Task instructions |
Line by line, copy the entries exactly, excluding the pictures.
━━ Information
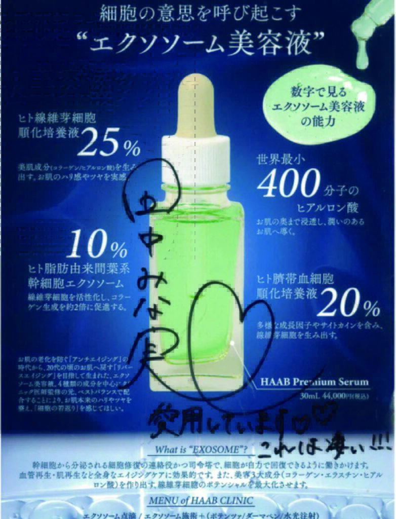 日本人女性の肌細胞に合わせた若返りの効果が実証されている日本人にあったエクソソームを当院では使用しております。
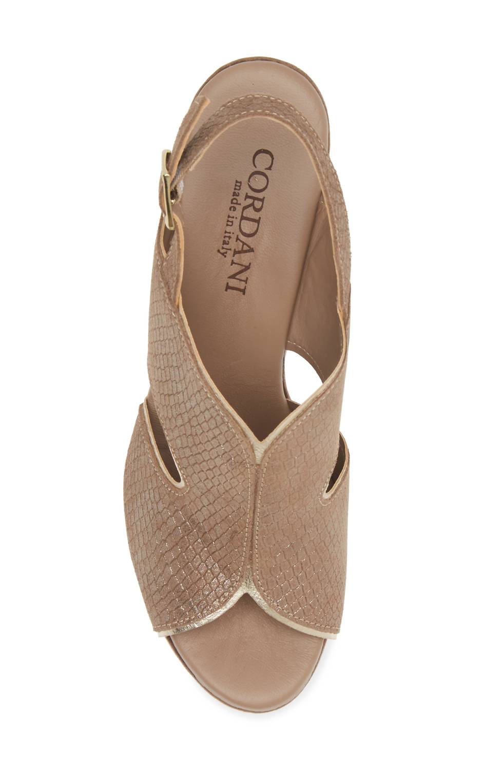 This sandal will take you from brunch to dinner and everything in between. Step into elevated style with the CORDANI Women Toni Slingback Sandal, a chic footwear choice in Fango Shimmer. These sandals feature a striking metallic block heel with a 4" height and a 1 1/4" raffia-wrapped platform for added flair. Made in Italy, these shoes boast a leather upper and lining, complemented by a rubber sole, and are designed with side cutouts and a supple suede finish. The cushioned insole ensures comfort in every step while the peep toe design adds a touch of elegance.
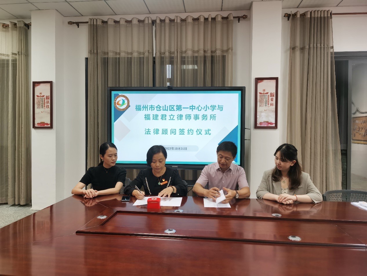 为进一步延伸法律服务,全面推进依法治教、依法治校,助力平安校园建设,2023年10月31日,福建君立律师事务所与福州市仓山区第一中心小学举行了学校聘请常年法律顾问的签约仪式。
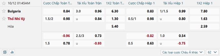 Tip kèo Châu Á full trận Bulgaria vs Thổ Nhĩ Kỳ
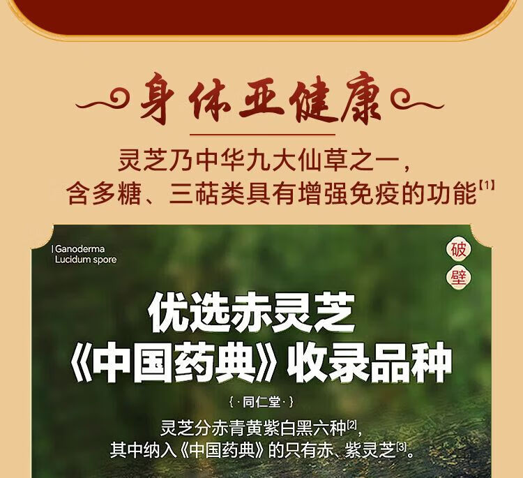 Beijing Tongrentang Beijing Tongrentang Ganoderma spore powder 15 large bags Specifications Traditional Chinese medicine pieces Ganoderma spores Tonify the kidneys and lungs Nourish the heart and calm the mind Stop bleeding and reduce phlegm Physical weakness after illness 3g*15 bags Mid-Autumn Festival 1 box
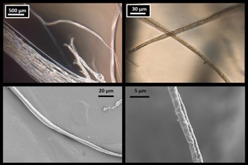如图所示为麻省理工学院的研究人员模拟蜘蛛丝制备的纤维材料。上图光学显微镜图像,下图为扫描电子显微镜图像。左图是8微米的纤维,右图是3微米的纤维。
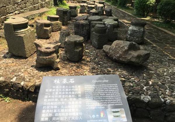 顺着假山喷泉的左方走上台阶,我们就来到了民族风情美食街的正门,与南渡江畔仅一条马路之隔。正门前的广场上还有刻画着黎苗族人欢乐舞蹈的碑石。
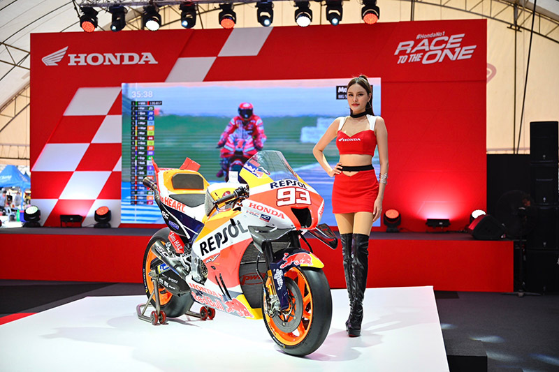 เริ่มต้นที่ไฮไลท์สำคัญกับบูธ Honda Exhibition Hall นำเสนอวิวัฒนาการของรถแข่ง Honda RC213V จากอดีตถึงปัจจุบัน ด้วยรถแข่งคันจริง Honda RC213V ปี 2013 ที่พา “มาร์ค มาร์เกซ” คว้าแชมป์โมโตจีพีครั้งแรกมาจัดแสดงพร้อมด้วย Honda RC213V ปี 2019 รถที่มาร์เกซคว้าแชมป์โลกสมัยที่ 8 รวมถึง RC213V ปี 2022 ที่ยังไม่เคยจัดแสดงที่เมืองไทยมาก่อน พร้อมกันนี้ฮอนด้ายังได้จัดโชว์เคส Honda RC213V-S ในแบบเปลือยให้เห็นโครงสร้างของรถเป็นครั้งแรกอีกด้วย
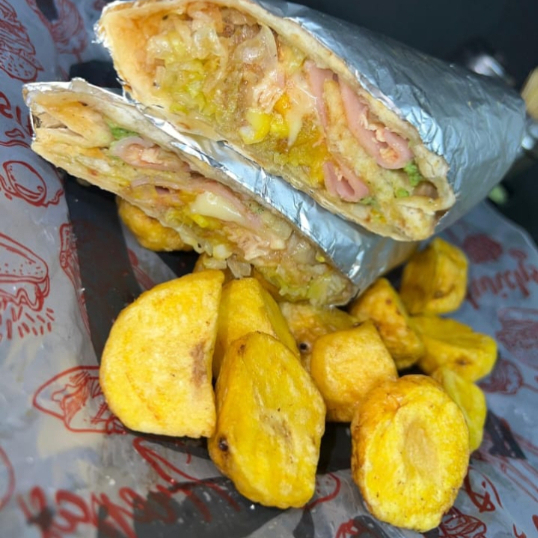 Rollito Mixto Tortilla suave rellena con trozos de carne guisada y pollo desmechado, queso fundido, lechuga fresca, jamón, maicitos dulces, maduro caramelizado, papas y nuestras salsas de la casa. ¡La mezcla ideal para los que lo quieren todo en un solo bocado!
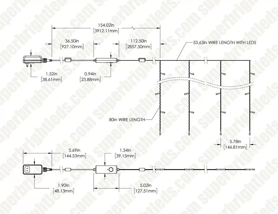 Twinkly Curtain - RGB+W LED Curtain Light String - App-Controlled - Generation II - 210 LED - 1.5x2.1m -Lighting Decoration Store tww210spp tus dim drawing
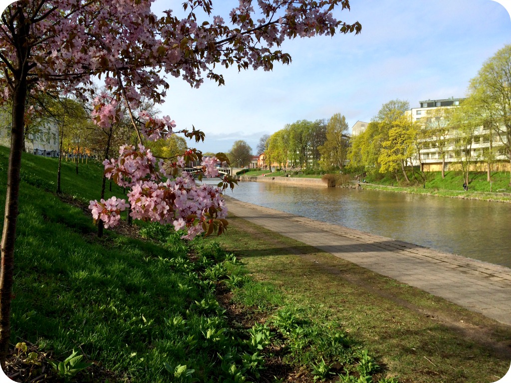 Den morgonen följde jag henne till ÅA, för att hon skulle slippa oroa sig över att hitta, när man ändå är orolig inför en prestation. Jag gick hem längs ån och tårarna bara trillade. Fast det var så ohyggligt vackert och mina klackskor klapprade mot kullerstenarna och gruset, där jag stannade och betraktade en nykrattad allé upp mot Domkyrkan.
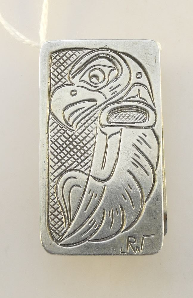 LOT 244 Kwagiulth Silver Money Clip, 1 3/4" high. Estimate: $60 - $100 Sold For: $50 Auction Date: Tuesday, July 13 2021 at 6:00 PM
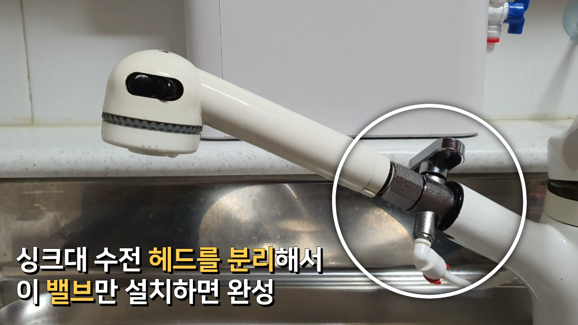 모든 정수기를 설치하기 위해서는 급수라인이 필요한데요, 이 정수기는 간편하게 아래 사진 동그라미 속 밸브를 제공해 주는데 싱크대 수전 헤드를 분리해서 꽂기만 하면 연결이 가능합니다. 이 점이 매우 편리하더라고요. 그리고 우측에 보이면 자칫 급수라인이 지저분해 보일 수 있기 때문에 깔끔하게 마감해 주는 뽁뽁이도 제공이 됐고요.
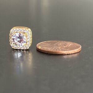 Fireframe Square Halo Earrings – .4” Gold Plate Brilliant Cut Crystal Studs
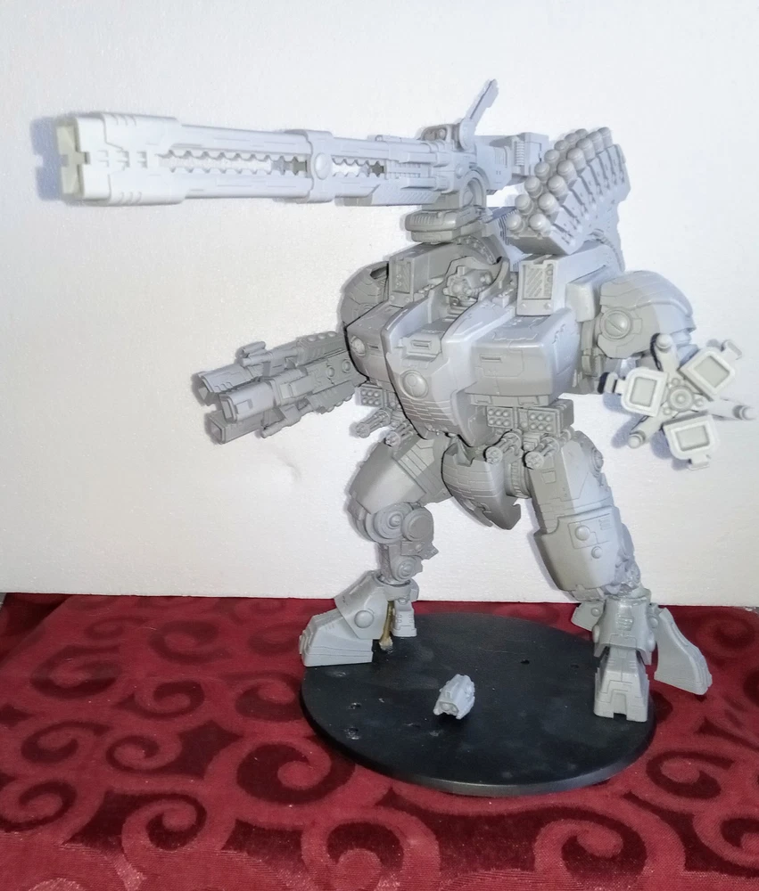 Official Forge World KX139 Ta'unar Supremacy Armour Armor - Built This listing includes: - Assembled KX139 Ta'unar Supremacy Armour Body - Assembled Heavy Rail Cannon Array and Missile Pod. These weapons can be mounted on the back and have not been attached or magnetized. It's up to the buyer to decide how this will be done. - Assembled Tri-Axis Ion Cannons ( Both Arms) - Two heads to choose from, not yet glued down. One had previously been used for a kitbash and shows signs of that on the bottom, but is still usable. Details: - This Forge World model is resin, and the body, weapons, and arms were originally sold separately. Availability from Games Workshop is rare. - The arms and chest-mounted weapons are magnetized - The legs and hip joints are pinned and glued as this is a heavy model. one of the rods can be seen on the back of the knee, but lines up well enough with the details that it can be hidden with paint. - One foot is propped up by a clear piece of plastic while the other one is held up by a portion of the rod used to pin the leg. The buyer can remove these if they wish, but i do not trust the design of the feet to hold up the model long-therm. These can also be hidden by adding details to the base. - The exposed bit of ball joint on the left leg will require some cleanup. -Some imperfections in the resin have already been cleaned up with green stuff, but a spot or two might have been missed. Buyer should do a final clean-up pass before priming and painting. -Base has some holes that will need to be covered up, which should happen naturally as the buyer finishes the model. - Includes original instructions - Look closely at the pictures and zoom in so you know what you're getting. This model is sold AS-IS, and will be packed extremely well. From a Smoke-Free Home. US Shipping only! Questions?...just ask.
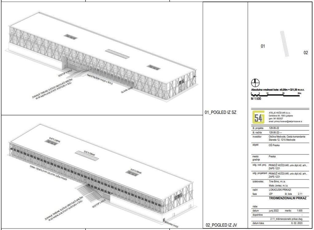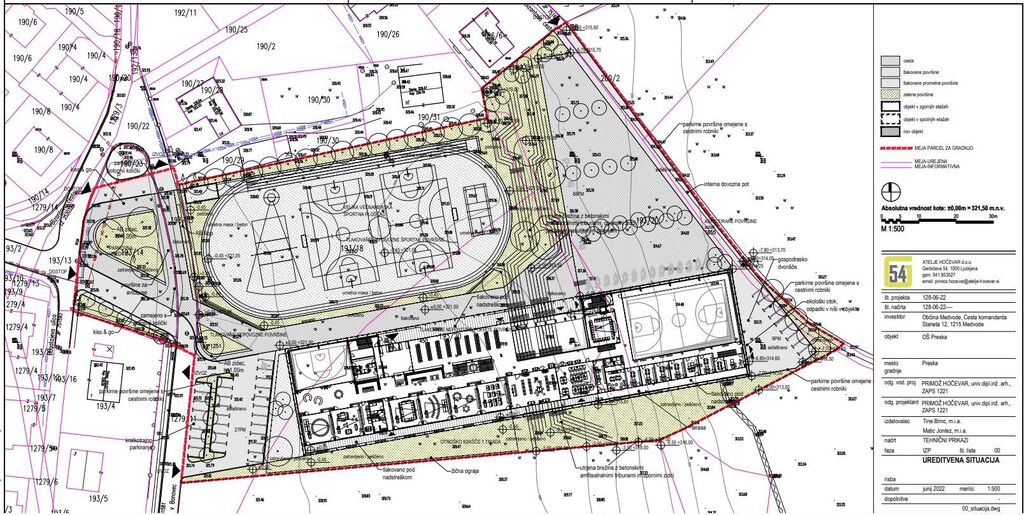 V času projektiranja vključili različne deležnikeLani maja smo z izbranim izvajalcem, podjetjem Atelje Hočevar d.o.o. podpisali dobrega pol milijona evrov vredno pogodbo projektiranja in projektantskega nadzora za novo šolo v Preski. V času projektiranja je bila ves čas vključena Osnovna šola Preska, projekt smo večkrat predstavili zaposlenim, staršem, krajevni skupnosti in na skupnem sestanku tudi najbližjim sosedom. V vseh fazah smo zelo dobro sodelovali z izbranim odgovornim projektantom, direktorjem podjetja, doc. Primožem Hočevarjem, univ. dipl. inž. arh.. Gre za zahteven projekt pri katerem je potrebno upoštevanje visokih standardov gradnje. V času projektiranja so bili pridobljeni vsi projektni pogoji in mnenja. Pripombe sosedov se nanašajo predvsem na zagotovitev nove cestne povezave, saj je obstoječa Bizantova cesta ozka in neprimerna za glavno dostopno cesto do nove šole. Občina Medvode se zato zavzema za čimhitrejšo izgradnjo nove dostopne ceste do nove šole, ki se bo na Škofjeloško cesto priključila v bližini lovskega doma. Trenutno tečejo postopki spremembe namenske rabe zemljišč v okviru spremembe OPN SD1.
━━━━
Solved problem |
 日本人女性の肌細胞に合わせた若返りの効果が実証されている日本人にあったエクソソームを当院では使用しております。
 This sandal will take you from brunch to dinner and everything in between. Step into elevated style with the CORDANI Women Toni Slingback Sandal, a chic footwear choice in Fango Shimmer. These sandals feature a striking metallic block heel with a 4" height and a 1 1/4" raffia-wrapped platform for added flair. Made in Italy, these shoes boast a leather upper and lining, complemented by a rubber sole, and are designed with side cutouts and a supple suede finish. The cushioned insole ensures comfort in every step while the peep toe design adds a touch of elegance.
 为进一步延伸法律服务,全面推进依法治教、依法治校,助力平安校园建设,2023年10月31日,福建君立律师事务所与福州市仓山区第一中心小学举行了学校聘请常年法律顾问的签约仪式。
 Tip kèo Châu Á full trận Bulgaria vs Thổ Nhĩ Kỳ
 Beijing Tongrentang Beijing Tongrentang Ganoderma spore powder 15 large bags Specifications Traditional Chinese medicine pieces Ganoderma spores Tonify the kidneys and lungs Nourish the heart and calm the mind Stop bleeding and reduce phlegm Physical weakness after illness 3g*15 bags Mid-Autumn Festival 1 box
如图所示为麻省理工学院的研究人员模拟蜘蛛丝制备的纤维材料。上图光学显微镜图像,下图为扫描电子显微镜图像。左图是8微米的纤维,右图是3微米的纤维。
 顺着假山喷泉的左方走上台阶,我们就来到了民族风情美食街的正门,与南渡江畔仅一条马路之隔。正门前的广场上还有刻画着黎苗族人欢乐舞蹈的碑石。
 เริ่มต้นที่ไฮไลท์สำคัญกับบูธ Honda Exhibition Hall นำเสนอวิวัฒนาการของรถแข่ง Honda RC213V จากอดีตถึงปัจจุบัน ด้วยรถแข่งคันจริง Honda RC213V ปี 2013 ที่พา “มาร์ค มาร์เกซ” คว้าแชมป์โมโตจีพีครั้งแรกมาจัดแสดงพร้อมด้วย Honda RC213V ปี 2019 รถที่มาร์เกซคว้าแชมป์โลกสมัยที่ 8 รวมถึง RC213V ปี 2022 ที่ยังไม่เคยจัดแสดงที่เมืองไทยมาก่อน พร้อมกันนี้ฮอนด้ายังได้จัดโชว์เคส Honda RC213V-S ในแบบเปลือยให้เห็นโครงสร้างของรถเป็นครั้งแรกอีกด้วย
 Rollito Mixto Tortilla suave rellena con trozos de carne guisada y pollo desmechado, queso fundido, lechuga fresca, jamón, maicitos dulces, maduro caramelizado, papas y nuestras salsas de la casa. ¡La mezcla ideal para los que lo quieren todo en un solo bocado!
 Twinkly Curtain - RGB+W LED Curtain Light String - App-Controlled - Generation II - 210 LED - 1.5x2.1m -Lighting Decoration Store tww210spp tus dim drawing
 Den morgonen följde jag henne till ÅA, för att hon skulle slippa oroa sig över att hitta, när man ändå är orolig inför en prestation. Jag gick hem längs ån och tårarna bara trillade. Fast det var så ohyggligt vackert och mina klackskor klapprade mot kullerstenarna och gruset, där jag stannade och betraktade en nykrattad allé upp mot Domkyrkan.
 LOT 244 Kwagiulth Silver Money Clip, 1 3/4" high. Estimate: $60 - $100 Sold For: $50 Auction Date: Tuesday, July 13 2021 at 6:00 PM
 모든 정수기를 설치하기 위해서는 급수라인이 필요한데요, 이 정수기는 간편하게 아래 사진 동그라미 속 밸브를 제공해 주는데 싱크대 수전 헤드를 분리해서 꽂기만 하면 연결이 가능합니다. 이 점이 매우 편리하더라고요. 그리고 우측에 보이면 자칫 급수라인이 지저분해 보일 수 있기 때문에 깔끔하게 마감해 주는 뽁뽁이도 제공이 됐고요.
 Fireframe Square Halo Earrings – .4” Gold Plate Brilliant Cut Crystal Studs
 Official Forge World KX139 Ta'unar Supremacy Armour Armor - Built This listing includes: - Assembled KX139 Ta'unar Supremacy Armour Body - Assembled Heavy Rail Cannon Array and Missile Pod. These weapons can be mounted on the back and have not been attached or magnetized. It's up to the buyer to decide how this will be done. - Assembled Tri-Axis Ion Cannons ( Both Arms) - Two heads to choose from, not yet glued down. One had previously been used for a kitbash and shows signs of that on the bottom, but is still usable. Details: - This Forge World model is resin, and the body, weapons, and arms were originally sold separately. Availability from Games Workshop is rare. - The arms and chest-mounted weapons are magnetized - The legs and hip joints are pinned and glued as this is a heavy model. one of the rods can be seen on the back of the knee, but lines up well enough with the details that it can be hidden with paint. - One foot is propped up by a clear piece of plastic while the other one is held up by a portion of the rod used to pin the leg. The buyer can remove these if they wish, but i do not trust the design of the feet to hold up the model long-therm. These can also be hidden by adding details to the base. - The exposed bit of ball joint on the left leg will require some cleanup. -Some imperfections in the resin have already been cleaned up with green stuff, but a spot or two might have been missed. Buyer should do a final clean-up pass before priming and painting. -Base has some holes that will need to be covered up, which should happen naturally as the buyer finishes the model. - Includes original instructions - Look closely at the pictures and zoom in so you know what you're getting. This model is sold AS-IS, and will be packed extremely well. From a Smoke-Free Home. US Shipping only! Questions?...just ask.
 V času projektiranja vključili različne deležnikeLani maja smo z izbranim izvajalcem, podjetjem Atelje Hočevar d.o.o. podpisali dobrega pol milijona evrov vredno pogodbo projektiranja in projektantskega nadzora za novo šolo v Preski. V času projektiranja je bila ves čas vključena Osnovna šola Preska, projekt smo večkrat predstavili zaposlenim, staršem, krajevni skupnosti in na skupnem sestanku tudi najbližjim sosedom. V vseh fazah smo zelo dobro sodelovali z izbranim odgovornim projektantom, direktorjem podjetja, doc. Primožem Hočevarjem, univ. dipl. inž. arh.. Gre za zahteven projekt pri katerem je potrebno upoštevanje visokih standardov gradnje. V času projektiranja so bili pridobljeni vsi projektni pogoji in mnenja. Pripombe sosedov se nanašajo predvsem na zagotovitev nove cestne povezave, saj je obstoječa Bizantova cesta ozka in neprimerna za glavno dostopno cesto do nove šole. Občina Medvode se zato zavzema za čimhitrejšo izgradnjo nove dostopne ceste do nove šole, ki se bo na Škofjeloško cesto priključila v bližini lovskega doma. Trenutno tečejo postopki spremembe namenske rabe zemljišč v okviru spremembe OPN SD1.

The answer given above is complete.